Despite enrollment declines, Newsom wants to spend billions more on schools
An increasing number of parents have withdrawn their children from California’s traditional public schools over the past six years, data from the California Department of Education reveals.
Over that time, California public schools have seen a 4% decrease in enrollment. EdSource estimates that declines in K-12 enrollment began in the 2004-05 school year.
Over the six-year period analyzed, charter school enrollment saw a net gain of 145,677 students and non-charter public schools reported a loss of 378,674 students.
Several counties reported significant charter school enrollment increases.
The greatest increases were reported in El Dorado and Contra Costa counties, a whopping 252% and 114%, respectively. Orange County saw a 74% increase in charter school enrollment.
In San Francisco County, charter schools enrolled 1,697 new students, a 30% increase while the county’s non-charter public-school enrollment decreased by 2%.
In Los Angeles County, charter school enrollment increased by 24,203 students, or 13%, whereas public schools lost 173,121 students over the last seven years.
Despite decreases in enrollment, Gov. Gavin Newsom’s “California Comeback” plan would direct the largest windfall of state and federal money toward the state’s public school system. Prior to federal COVID relief money, California spent an estimated $21,000 per student in the 2019-20 school year in K-12 public schools, the California Policy Center estimates, “when taking into account capital spending and the state’s supplemental contribution to CalSTRS.”
The state’s current funding formula for California’s K-14 education budget has been in place since 1988 after voters passed Proposition 98. Since then, state law requires 40% of California’s general fund budget be allocated to K-14 education.
In Newsom’s original 2020-21 budget, funding for K-12 public schools was $84 billion.
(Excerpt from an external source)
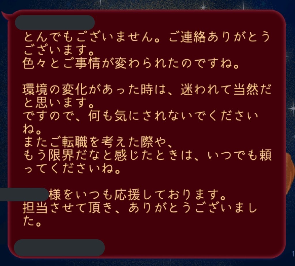 履歴書添削や面接対策から、面接調整まで丁寧にサポートしていただき、貴重なお時間を頂いたこと、感謝とお詫びを申し上げます。

In May, he increased the amount to $93.7 billion, an additional $1,500 per student.
Newsom also pledged to direct $27 billion of the state’s surplus to K-12 schools and community colleges, in addition to supplemental federal funding of $15 billion, Capitol Public Radio reports.
He also announced that $20 billion would be allocated “to transform California public schools into gateways of equity and opportunity.” Included in his plan is a “universal pre-k and college savings accounts for 3.7 million low-income children in public schools.”
Overall, additional spending plans total closer to $25,000 per pupil in K-12 public schools, the California Policy Center estimates.
However, it warns, “The problem with setting up vast new categories of public spending on education – universal pre-K, college savings accounts, massive new hiring for school counselors and other support personnel, is that these new programs create new structural, perennial costs, and that additional burden makes it even harder to adapt when the economy slows down.”